Adam Leitman Bailey, P.C.’s Constitutional Argument Convinces Court to Protect Client’s Property Rights
A neighbor of Adam Leitman Bailey, P.C.’s client, a Westchester County property owner, sought approval from the Rye City Planning Commission to modify the deed restricted front yard setback lines of the neighbor’s property. The neighbor wanted to demolish the existing house located on his property and build a new house closer to the street with a swimming pool in the backyard between the new house and the environmentally protected wetlands at the back of the property.
Both the neighbor’s and the client’s adjoining properties are within a subdivision established in 1966 according to a plan of common and uniform development.
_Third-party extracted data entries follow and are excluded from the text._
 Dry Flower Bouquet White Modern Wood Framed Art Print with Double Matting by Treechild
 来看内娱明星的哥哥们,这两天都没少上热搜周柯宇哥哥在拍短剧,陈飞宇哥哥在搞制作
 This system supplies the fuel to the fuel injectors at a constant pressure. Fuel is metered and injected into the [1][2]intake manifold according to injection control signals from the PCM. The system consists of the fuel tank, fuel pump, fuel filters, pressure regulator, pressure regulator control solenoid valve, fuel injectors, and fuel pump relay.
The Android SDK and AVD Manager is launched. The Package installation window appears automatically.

The setback lines in issue are shown on the subdivision map that was approved by the planning commission in 1966. The Rye City Code provides that such setback lines when approved by the planning commission and shown on a subdivision map “shall constitute a deed restriction upon the placement of the buildings upon each lot affected.”
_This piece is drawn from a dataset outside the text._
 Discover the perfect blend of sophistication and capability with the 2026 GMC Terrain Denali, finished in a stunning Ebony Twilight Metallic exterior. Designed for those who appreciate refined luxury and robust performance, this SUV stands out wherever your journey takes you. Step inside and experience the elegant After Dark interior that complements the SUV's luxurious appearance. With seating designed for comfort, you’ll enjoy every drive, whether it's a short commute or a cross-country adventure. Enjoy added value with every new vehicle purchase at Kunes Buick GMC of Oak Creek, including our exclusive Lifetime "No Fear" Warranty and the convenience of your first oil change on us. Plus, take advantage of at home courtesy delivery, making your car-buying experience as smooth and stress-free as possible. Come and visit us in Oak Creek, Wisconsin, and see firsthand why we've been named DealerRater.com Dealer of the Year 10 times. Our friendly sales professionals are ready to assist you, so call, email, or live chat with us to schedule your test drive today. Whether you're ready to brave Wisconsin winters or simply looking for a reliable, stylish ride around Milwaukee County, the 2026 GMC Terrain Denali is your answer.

Adam Leitman Bailey, P.C.’s client employed local Westchester counsel to oppose the neighbor’s application before the planning commission contending that the setback lines were deed restrictions that ran with the land and could not be modified. The planning commission ruled in favor of the neighbor holding that it had the right to modify zoning restrictions, and, because environmental laws governing the wetlands at the back of the property had not been enacted in 1966, when the front yard setbacks were approved, the changed circumstances justified the setback modification the neighbor requested.
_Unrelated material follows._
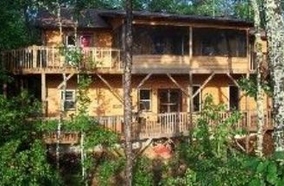 This cabin features three bedrooms and two bathrooms. In all three bedrooms there are queen beds. The living room has comfortable furniture. The kitchen comes fully equipped for your convenience.Surrounding Description

The client commenced a proceeding to overturn the decision of the Rye City Planning Commission as arbitrary and capricious. Adam Leitman Bailey, P.C. was then retained as special co-counsel in the case to argue that the planning commission’s action was not only arbitrary and capricious, but also unconstitutional because, by voiding the deed restricted setback lines, vested property rights of Adam Leitman Bailey, P.C.’s client were divested in violation of the Contracts Clause of the United States Constitution which provides that “No State shall . . . pass any . . . law impairing the Obligation of Contract.”
Initially, the Westchester Supreme Court which heard the case ruled against Adam Leitman Bailey, P.C.’s client holding (a) that the front yard setback lines were not deed restrictions, and (b) that the planning commission’s decision was not a “legislative act” and, therefore, not violative of the contracts clause. A motion to reargue was made in which the court was persuaded to acknowledge that the setback lines were indeed deed restrictions and “as such cannot be interfered with by a legislative body.” Based on Adam Leitman Bailey, P.C.’s arguments, the court was also persuaded that, when the planning commission modified the setback lines, the commission had acted as a legislative body, and the court held, therefore, that the “Planning Commission had no authority as a deed restriction, to limit or negate said restriction by approving the setback lines outside the perimeter of the dotted lines on the subdivision map.”
Accordingly, the court held that the planning commission “did abuse their authority by approving Respondent’s request for a front yard setback modification,” and it granted Adam Leitman Bailey, P.C.’s client’s petition to void the planning commission decision.
The Adam Leitman Bailey, P.C. partners who handled this matter were Adam Leitman Bailey and John M. Desiderio.